How REX Builds the GPU Host Launch Block

The previous post in this series focused on the outlining boundary: how a target region becomes a real device kernel with a stable name and an explicit capture set.

That still leaves an important practical question:

once the kernel exists, what exactly replaces the original OpenMP statement in the host code?

The answer is not “the runtime figures it out.” REX emits an ordinary host-side block of declarations and statements that performs the launch explicitly.

This post zooms in on that block. It covers the host-side artifact created after outlining, not the device kernel itself. In src/midend/programTransformation/ompLowering/omp_lowering.cpp, this is the code that:

• identifies the outlined kernel on the host side,
• creates explicit launch-dimension variables,
• packages mapped arguments,
• emits the final __tgt_target_kernel(...) call,
• and replaces the original omp target-family statement with ordinary host statements.

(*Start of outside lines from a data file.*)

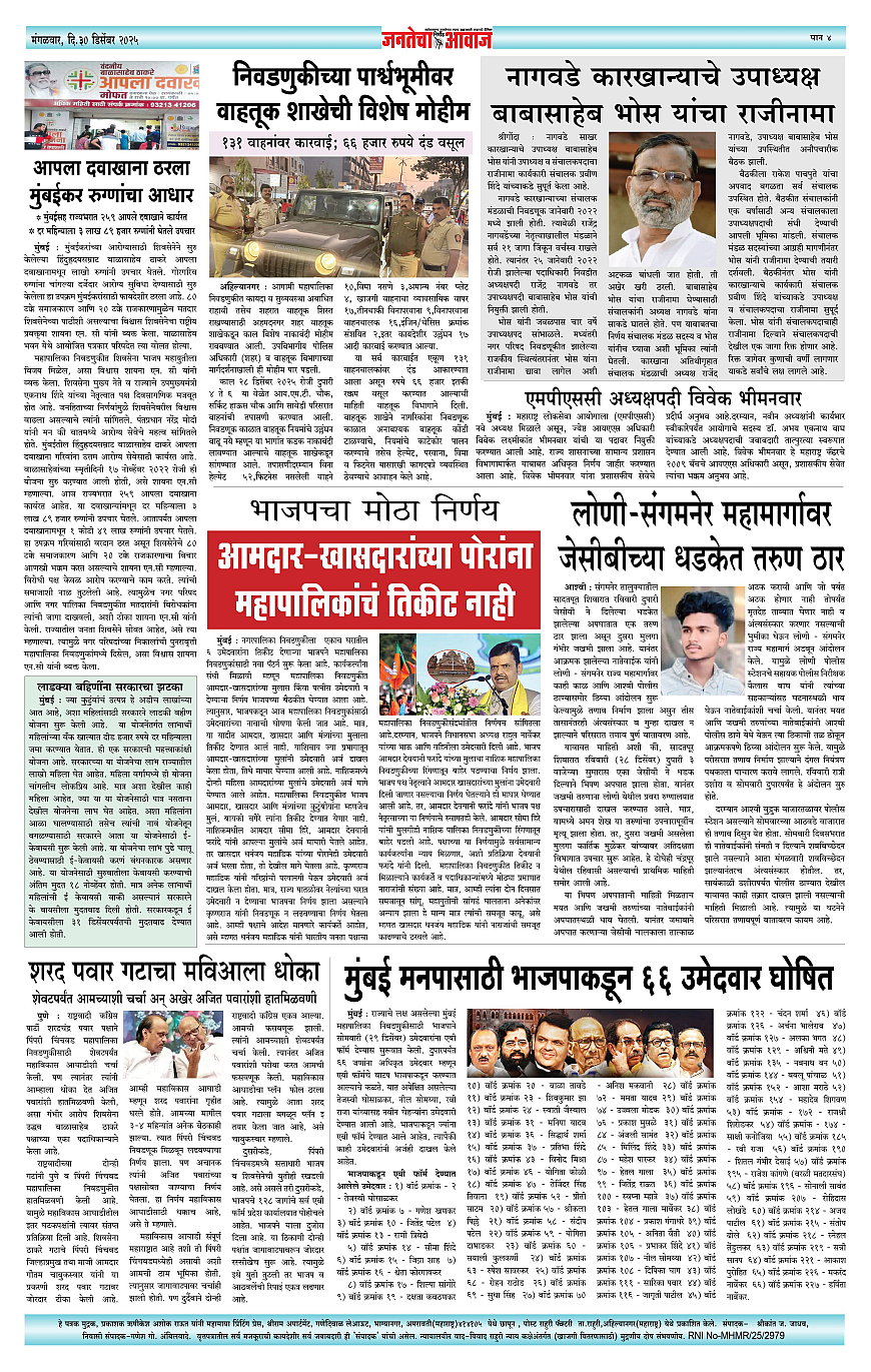 Jantecha Aawaj पृष्ठ: 4 December 30, 2025 Ahilyanagar-maharashtra 1 2 3 4 पृष्ठ 1पृष्ठ 2पृष्ठ 3पृष्ठ 4 × Jantecha Aawaj 1-41-421-431-44 << पहला << 4 >> आखिरी >> Page no 1Page no 2Page no 3Page no 4
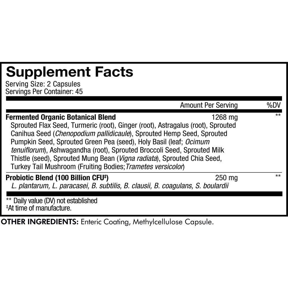 - The organic botanical blend includes vegan probiotic ingredients such as sprouted milk thistle, turkey tail mushroom, green pea, ginger and sprouted chia seed for a variety of health benefits
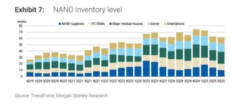 - TeamGroup lancia il primo SSD con controller E28: lo Z54E. Le performance sono da SN8100, cioè sul livello dell'SSD più veloce del mercato: 14,9 GB/s in lettura sequenziale e 14,0 GB/s in scrittura sequenziale. Ancora nessuna informazione sulle prestazioni casuali (e le NAND flash sembrano essere delle YMTC/Micron 232L).¹ - Micron, a seguito di un mancato recupero del market share che era dell'1%, esce dal business delle NAND flash per i server cinesi. Il mancato recupero è dovuto dal fatto che nel 2023 la Cina ha bannato qualsiasi chip di Micron dai computer nazionali. Gli unici clienti saranno Lenovo che ha data center al di fuori della Cina e clienti che rientrano nel mercato automobilistico e mobile.² - Samsung aumenta il tasso di utilizzo delle NAND flash V8 TLC (236L) nella centrale di Pyeongtaek del 10%, passando dal 60-70% all'80%. La produzione stimata è di circa 100.000 wafer per month (wpm).³ Per la situazione prezzi parlo in separate sede. Se da una parte abbiamo il CEO di Winbond (un'azienda produttrice di memorie flash e DRAM) che non crede che questo ciclo sia un superciclo e che questo ribasso dei prezzi possa durare 2-3 anni⁴, la banca d'affari Morgan Stanley ha fatto uscire un report dicendo che attualmente ci troviamo allo stadio iniziale-medio del ciclo e che i produttori di memorie stanno quotando aumenti dei prezzi fino al 25% per il prossimo trimestre (4Q25, non 1Q26, e si parla sia di DRAM che di NAND flash). Questo qui sotto è il livello di inventario delle NAND flash: ![]() 60 settimane totali nel 3Q25. Morgan Stanley dice che "ci vorranno ancora 4-6 trimestri prima che la nuova capacità riesca a soddisfare la domanda", ciò vuol dire massimo giugno 2027. Per quanto concerne i prezzi, la banca di affari prevede che ci sia ancora tanto gap perché i prezzi di questo ciclo raggiungano un massimo storico però prevede che il picco possa arrivare a $0,13 per GB, lo stesso avuto nel secondo trimestre del 2022. $0,13 per GB vuol dire $130/111 € per 1TB di NAND flash. Queste qui sotto sono le previsioni dell'aumento dei prezzi fino al 2026. La situazione è diventata chiaramente peggiore: sembra che la crisi si possa prolungare fino alla fine del 2026 se non anche oltre. ![]() Per ultimo, Morgan Stanley dice che l'aumento dei prezzi delle azioni delle aziende non è dovuto soltanto dall'IA ma anche dalle revisioni al rialzo delle previsioni sugli utili. Per esempio il rialzo del prezzo delle azioni di SK hynix del 140% è stato sostenuto dalla revisione all'aumento del 62% delle previsioni sugli utili, mentre il prezzo delle azioni di Samsung è aumentato "soltanto" del 62% e la revisione al rialzo della previsione sugli utili è stata del 14%⁵. ¹: https://www.tomshardware.com/pc-comp...cie-5-0-drives. ²: https://www.reuters.com/business/aut...ay-2025-10-17/. ³: https://x.com/Jukanlosreve/status/1980139132191187188. ⁴: https://www.digitimes.com/news/a2025...mand-2025.html. ⁵: https://x.com/Jukanlosreve/status/1980511112010559948 |
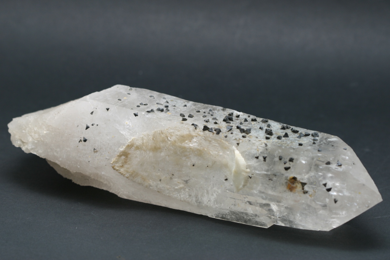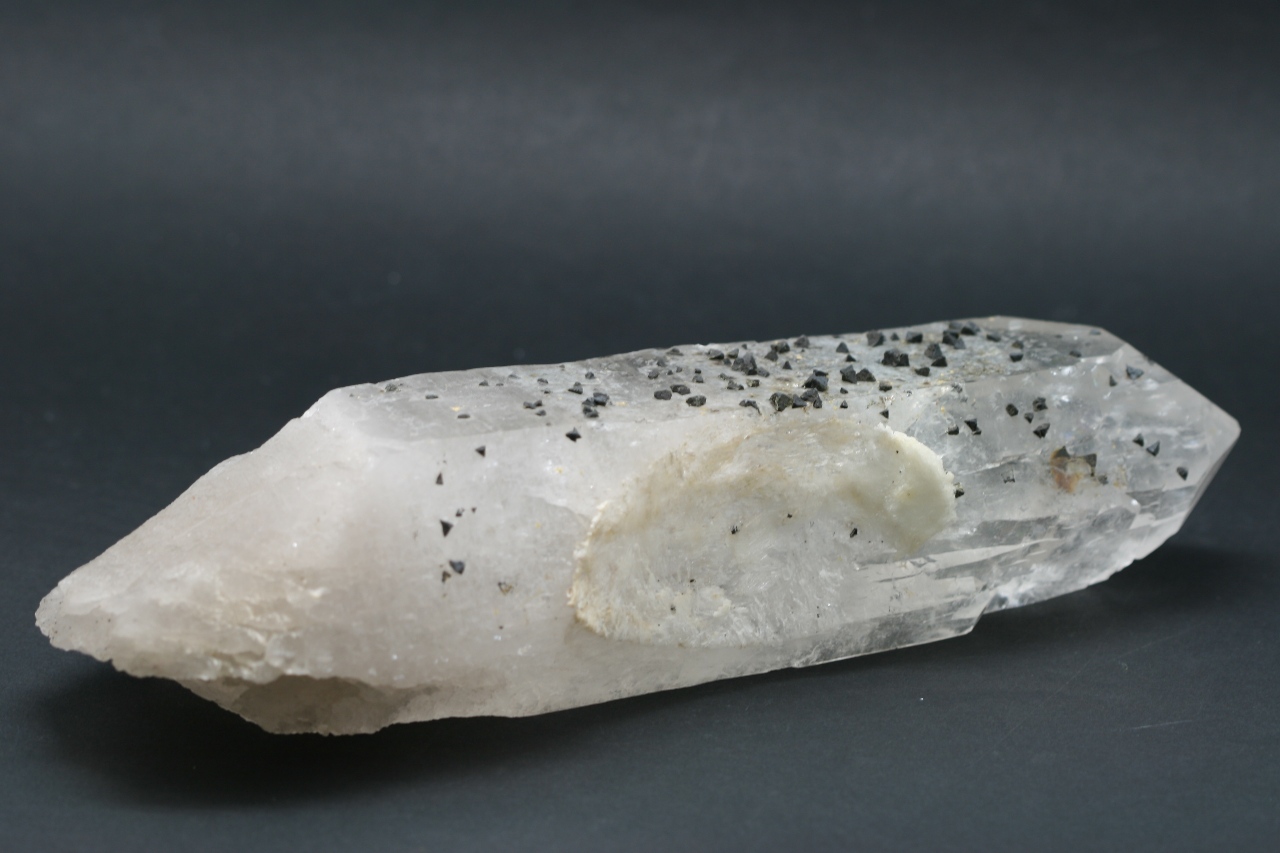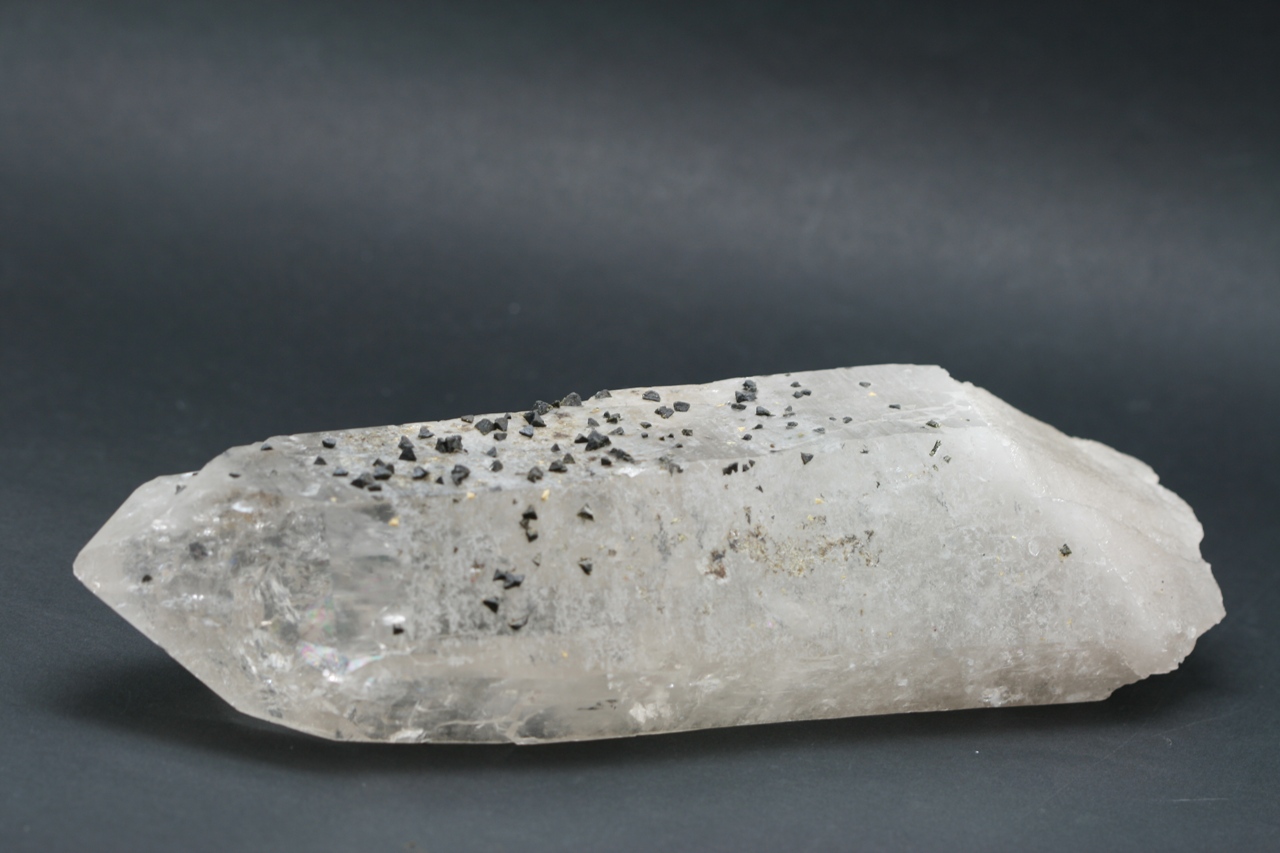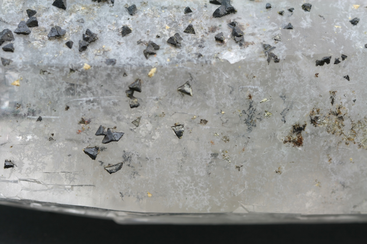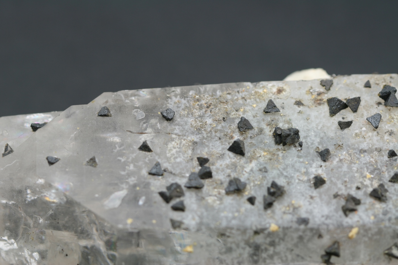 A magnificent example of black tetrahedral crystals of the rare silicate Beryl from Brazil grown on a Rock Crystal.

It is a useful stage to isolate because it sits at a very specific boundary in the lowerer:

• the kernel already exists,
• the runtime packet is not yet fully explained,
• and the original OpenMP statement is about to disappear from the host AST.

Why The Host Launch Block Exists At All

Once REX has created an outlined kernel, it still has not finished lowering the original target construct. The host translation unit still contains an OpenMP statement node such as:

• SgOmpTargetStatement
• SgOmpTargetTeamsStatement
• SgOmpTargetParallelStatement
• SgOmpTargetParallelForStatement
• SgOmpTargetTeamsDistributeParallelForStatement

That node cannot remain in place if the goal is to emit ordinary host source that can be compiled and linked against LLVM’s offloading runtime.

So the lowerer produces a replacement artifact: a basic block that contains the host-side steps required to launch the already-outlined kernel. That block is not a conceptual runtime description. It is literal generated source.

The overall host-side story therefore has two layers:

1. one-time process initialization
   REX inserts rex_offload_init() near the top of main so CUBIN registration and runtime setup happen once, before user timing declarations.

2. per-target launch blocks
   Each lowered target region becomes a local host block that computes launch state and issues a single explicit offload call.

That separation matters. The launch block is hot-path code that may run many times. Image registration is not repeated there.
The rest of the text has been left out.